*** Recorded information Section Begins ***
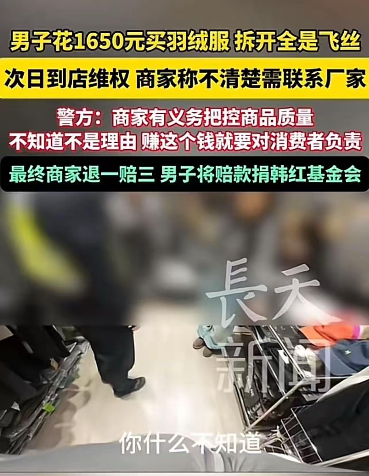 男子花1650元买“羽绒服”竟无羽绒,民警到场后商家懵了 1650元买回的羽绒服,拆开一看竟无半朵羽绒!消费者维权遭推诿,商家反客为主竟报警。可当民警到场,剧情反转——这场看似普通的消费纠纷,撕开了多少商家“睁一只眼闭一只眼”的潜规则? “我不差钱,但你不能把我当傻子!” 武汉市民张先生至今仍忘不了那种被愚弄的感觉。上周,他在一家装修考究的服装店,为父亲精心挑选了一件标价1650元的“90%白鸭绒”羽绒服。温暖厚实的手感、光鲜亮丽的标签,让他觉得这钱花得值。 可当父亲穿上后嘀咕“感觉有点沉,不蓬松”时,张先生多了个心眼。他小心翼翼地剪开内衬一角,眼前的一幕让他怒火中烧——填充物根本不是宣称的洁白羽绒,而是一团团灰白色、质地粗糙的“飞丝”(化学纤维下脚料)。 商家神操作:自己售假,还主动报警 次日,张先生拿着衣服和视频证据到店理论。女店长先是故作惊讶:“不可能!我们都是正规渠道进货。”查看后又称:“这可能是批次问题,我们不清楚,得联系厂家。” 当张先生依据《消费者权益保护法》明确提出“退一赔三”时,店长态度骤变,开始推诿责任。令人匪夷所思的是,或许是见张先生态度坚决,店长竟掏出手机:“你这是要闹事,我报警了!” 民警到场,一句话让商家傻眼 民警迅速到达现场。了解事情原委、检查了衣服和购物凭证后,经验丰富的民警转向店长,问了几句关键的话: “这件衣服是你们店里卖出去的吗?” “销售时,你们是否向消费者明示填充物是‘飞丝’而不是羽绒?” “你们进货时,有没有查验厂家的质检报告?” 店长支支吾吾,难以作答。民警正色道:“根据《消费者权益保护法》,经营者提供商品有欺诈行为的,应当按照消费者的要求‘退一赔三’。你们作为销售方,有责任保证商品与宣传相符。如果觉得自己也是受害者,可以找你们的厂家追责,但不能以此为由拒绝消费者正当的维权要求。” 在民警的现场普法与协调下,店长的气焰终于熄灭。目前,该店已为张先生办理了退款,并承诺将尽快履行三倍赔偿。同时,市场监管部门也已介入,对涉事门店及上游供货链展开调查。 飞丝冒充羽绒?这不是“失误”,是套路! 一位从事服装质检行业多年的业内人士透露:“用飞丝、化纤棉等低价材料冒充羽绒,在业内尤其是中低端市场并非个例。两者成本相差巨大,一吨优质羽绒可能要数十万元,而一吨飞丝可能只需万元左右。” 这种造假通常有两种形式: 1. 完全造假:整件衣服无一丝羽绒,全是飞丝。 2. 掺杂使假:在羽绒中混入超过标准允许范围的大量飞丝,以次充好。 消费者如何避免“踩坑”? 1. 一摸二闻三看:真羽绒服摸上去有细小羽梗,但整体柔软蓬松;用力拍打后回弹快;闻起来应有轻微羽毛味,而非化工味。仔细查看水洗标上的填充物成分、含绒量、充绒量是否标注清晰。 2. 警惕异常低价:一件充绒量足够的羽绒服,成本决定了其售价不会过于低廉。 3. 保留凭证,勇于维权:务必保留购物小票、支付记录。一旦发现问题,第一时间与商家沟通,并可通过12315平台、市场监督管理局等渠道投诉。面对欺诈,法律是消费者最坚实的后盾。 张先生的遭遇,不仅是个人的维权胜利,更是一记警钟。它提醒所有商家:诚信才是最长久的招牌,任何试图用“潜规则”欺瞒消费者的行为,终将在法律和阳光下无处遁形。它也鼓励每一位消费者:面对不公,要敢于发声,你的每一次较真,都是在净化市场环境,推动商业文明向前一步。 市场的健康,需要监管的利剑,更需要千万双不再沉默的眼睛。
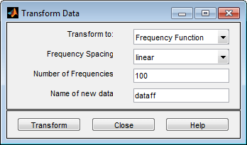 В приложении System Identification данные временной области имеют значок с белым фоном. Данные временной области можно преобразовать в данные частотной области или частотного отклика. Значения частоты результирующего частотного вектора находятся в диапазоне от 0 на частоту Найквиста ¼ Ts, где Ts - время выборки.
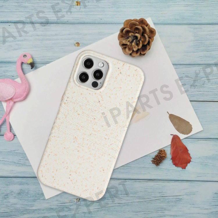 For iPhone 13 Pro Max 6.7 inch Anti-fall Phone Case Fully Biodegradable Wheat Straw + TPU Protective Smartphone Cover - White
*** Recorded information Section Ends ***
→ Exercise objective
Please return the full listing exactly as given, with the images left out.

→ Solved problem
 男子花1650元买“羽绒服”竟无羽绒,民警到场后商家懵了 1650元买回的羽绒服,拆开一看竟无半朵羽绒!消费者维权遭推诿,商家反客为主竟报警。可当民警到场,剧情反转——这场看似普通的消费纠纷,撕开了多少商家“睁一只眼闭一只眼”的潜规则? “我不差钱,但你不能把我当傻子!” 武汉市民张先生至今仍忘不了那种被愚弄的感觉。上周,他在一家装修考究的服装店,为父亲精心挑选了一件标价1650元的“90%白鸭绒”羽绒服。温暖厚实的手感、光鲜亮丽的标签,让他觉得这钱花得值。 可当父亲穿上后嘀咕“感觉有点沉,不蓬松”时,张先生多了个心眼。他小心翼翼地剪开内衬一角,眼前的一幕让他怒火中烧——填充物根本不是宣称的洁白羽绒,而是一团团灰白色、质地粗糙的“飞丝”(化学纤维下脚料)。 商家神操作:自己售假,还主动报警 次日,张先生拿着衣服和视频证据到店理论。女店长先是故作惊讶:“不可能!我们都是正规渠道进货。”查看后又称:“这可能是批次问题,我们不清楚,得联系厂家。” 当张先生依据《消费者权益保护法》明确提出“退一赔三”时,店长态度骤变,开始推诿责任。令人匪夷所思的是,或许是见张先生态度坚决,店长竟掏出手机:“你这是要闹事,我报警了!” 民警到场,一句话让商家傻眼 民警迅速到达现场。了解事情原委、检查了衣服和购物凭证后,经验丰富的民警转向店长,问了几句关键的话: “这件衣服是你们店里卖出去的吗?” “销售时,你们是否向消费者明示填充物是‘飞丝’而不是羽绒?” “你们进货时,有没有查验厂家的质检报告?” 店长支支吾吾,难以作答。民警正色道:“根据《消费者权益保护法》,经营者提供商品有欺诈行为的,应当按照消费者的要求‘退一赔三’。你们作为销售方,有责任保证商品与宣传相符。如果觉得自己也是受害者,可以找你们的厂家追责,但不能以此为由拒绝消费者正当的维权要求。” 在民警的现场普法与协调下,店长的气焰终于熄灭。目前,该店已为张先生办理了退款,并承诺将尽快履行三倍赔偿。同时,市场监管部门也已介入,对涉事门店及上游供货链展开调查。 飞丝冒充羽绒?这不是“失误”,是套路! 一位从事服装质检行业多年的业内人士透露:“用飞丝、化纤棉等低价材料冒充羽绒,在业内尤其是中低端市场并非个例。两者成本相差巨大,一吨优质羽绒可能要数十万元,而一吨飞丝可能只需万元左右。” 这种造假通常有两种形式: 1. 完全造假:整件衣服无一丝羽绒,全是飞丝。 2. 掺杂使假:在羽绒中混入超过标准允许范围的大量飞丝,以次充好。 消费者如何避免“踩坑”? 1. 一摸二闻三看:真羽绒服摸上去有细小羽梗,但整体柔软蓬松;用力拍打后回弹快;闻起来应有轻微羽毛味,而非化工味。仔细查看水洗标上的填充物成分、含绒量、充绒量是否标注清晰。 2. 警惕异常低价:一件充绒量足够的羽绒服,成本决定了其售价不会过于低廉。 3. 保留凭证,勇于维权:务必保留购物小票、支付记录。一旦发现问题,第一时间与商家沟通,并可通过12315平台、市场监督管理局等渠道投诉。面对欺诈,法律是消费者最坚实的后盾。 张先生的遭遇,不仅是个人的维权胜利,更是一记警钟。它提醒所有商家:诚信才是最长久的招牌,任何试图用“潜规则”欺瞒消费者的行为,终将在法律和阳光下无处遁形。它也鼓励每一位消费者:面对不公,要敢于发声,你的每一次较真,都是在净化市场环境,推动商业文明向前一步。 市场的健康,需要监管的利剑,更需要千万双不再沉默的眼睛。
 В приложении System Identification данные временной области имеют значок с белым фоном. Данные временной области можно преобразовать в данные частотной области или частотного отклика. Значения частоты результирующего частотного вектора находятся в диапазоне от 0 на частоту Найквиста ¼ Ts, где Ts - время выборки.
 For iPhone 13 Pro Max 6.7 inch Anti-fall Phone Case Fully Biodegradable Wheat Straw + TPU Protective Smartphone Cover - White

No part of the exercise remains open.